**About this exercise:** Below are lines of data, and only some are wanted. Please repeat exactly those from the line that has "2015, Maracaibo, Venezuela" through the line that has "Yüksekova ilçesinin Murat".
** Given information follows **
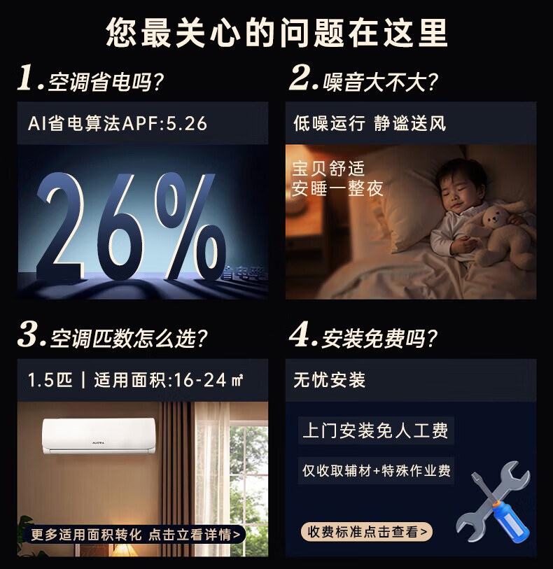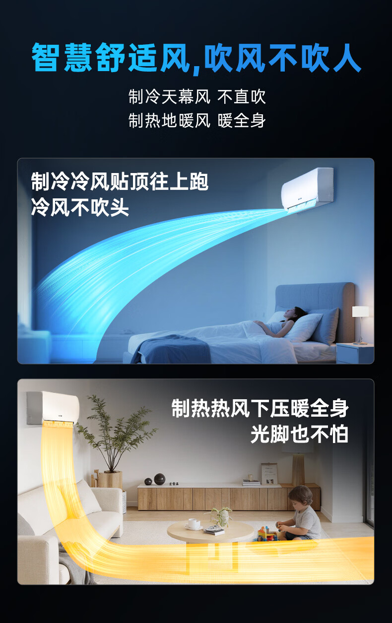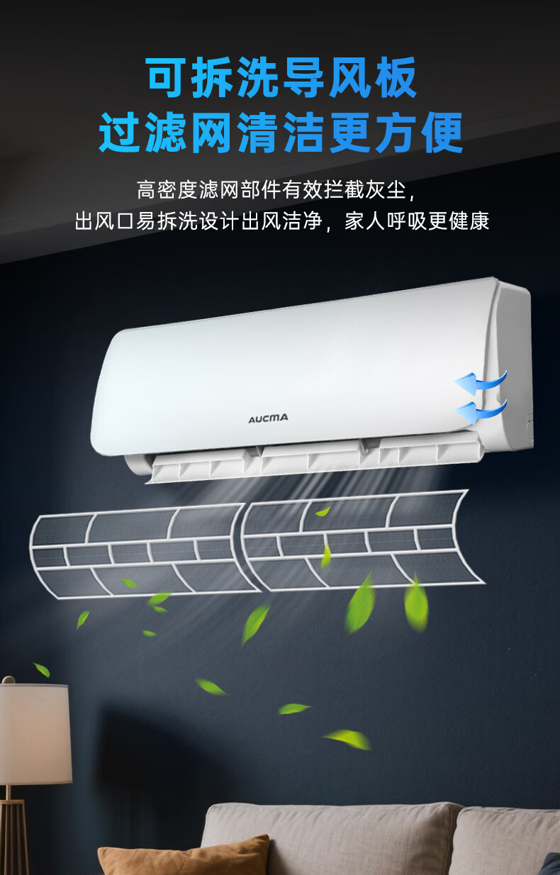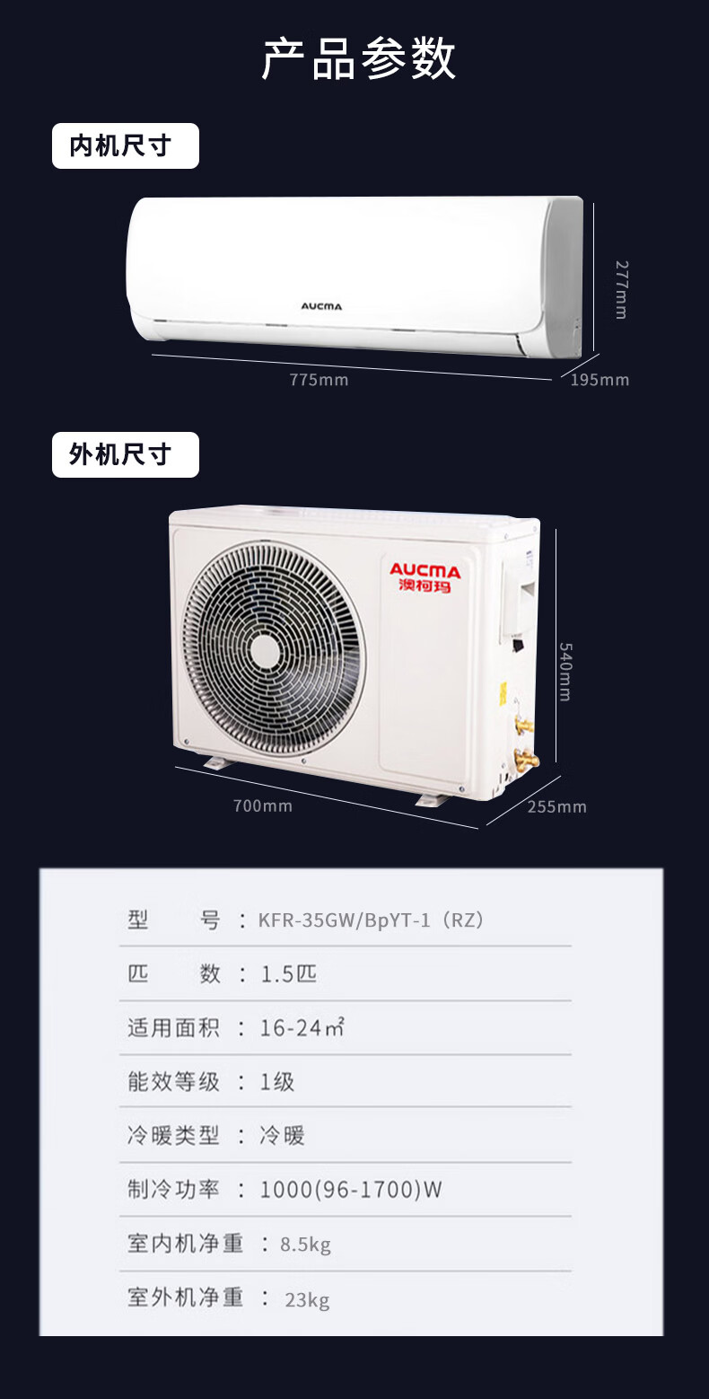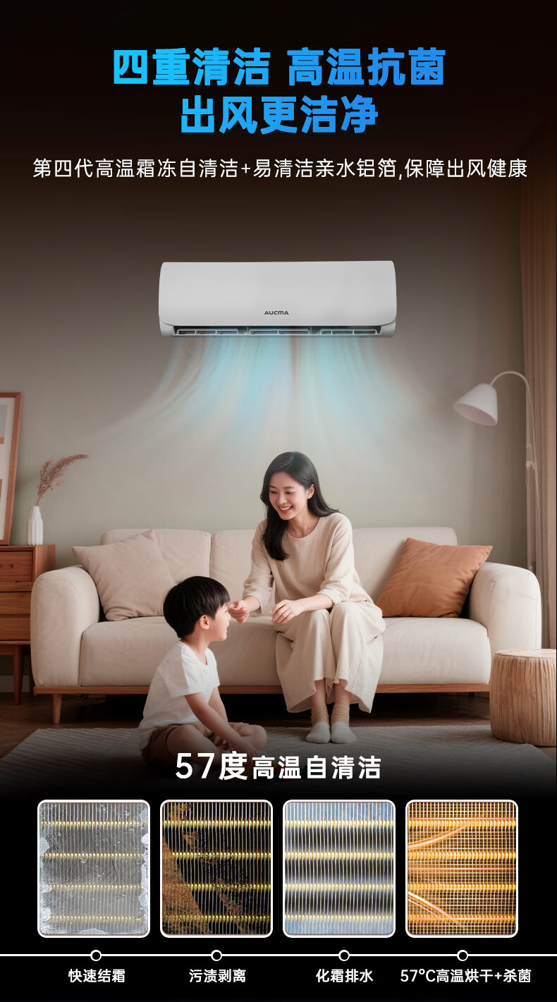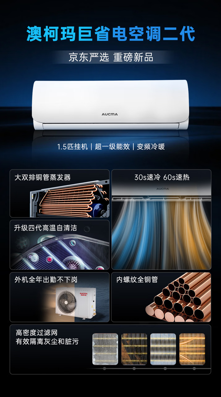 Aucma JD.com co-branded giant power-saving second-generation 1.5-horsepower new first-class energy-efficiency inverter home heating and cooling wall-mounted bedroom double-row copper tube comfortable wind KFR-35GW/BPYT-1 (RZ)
** End of Given information **
** Given information follows **
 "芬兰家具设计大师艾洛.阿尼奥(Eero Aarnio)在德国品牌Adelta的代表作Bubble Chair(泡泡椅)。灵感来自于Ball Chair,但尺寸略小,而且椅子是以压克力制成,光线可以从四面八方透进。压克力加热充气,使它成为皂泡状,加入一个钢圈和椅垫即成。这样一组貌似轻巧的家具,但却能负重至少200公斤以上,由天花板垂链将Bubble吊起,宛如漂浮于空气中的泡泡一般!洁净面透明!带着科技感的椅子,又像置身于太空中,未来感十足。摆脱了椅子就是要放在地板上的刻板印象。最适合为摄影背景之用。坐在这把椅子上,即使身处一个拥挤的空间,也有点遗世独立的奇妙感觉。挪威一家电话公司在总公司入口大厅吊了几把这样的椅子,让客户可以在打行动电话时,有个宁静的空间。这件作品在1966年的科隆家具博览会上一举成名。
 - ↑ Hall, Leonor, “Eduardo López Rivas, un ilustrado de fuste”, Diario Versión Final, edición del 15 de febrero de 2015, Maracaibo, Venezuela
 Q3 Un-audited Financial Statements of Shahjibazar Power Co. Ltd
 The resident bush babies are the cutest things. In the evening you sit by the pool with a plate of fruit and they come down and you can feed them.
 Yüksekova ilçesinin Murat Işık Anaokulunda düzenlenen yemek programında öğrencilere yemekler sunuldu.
** End of Given information **
**Solution:**
 - ↑ Hall, Leonor, “Eduardo López Rivas, un ilustrado de fuste”, Diario Versión Final, edición del 15 de febrero de 2015, Maracaibo, Venezuela
 Q3 Un-audited Financial Statements of Shahjibazar Power Co. Ltd
 The resident bush babies are the cutest things. In the evening you sit by the pool with a plate of fruit and they come down and you can feed them.
 Yüksekova ilçesinin Murat Işık Anaokulunda düzenlenen yemek programında öğrencilere yemekler sunuldu.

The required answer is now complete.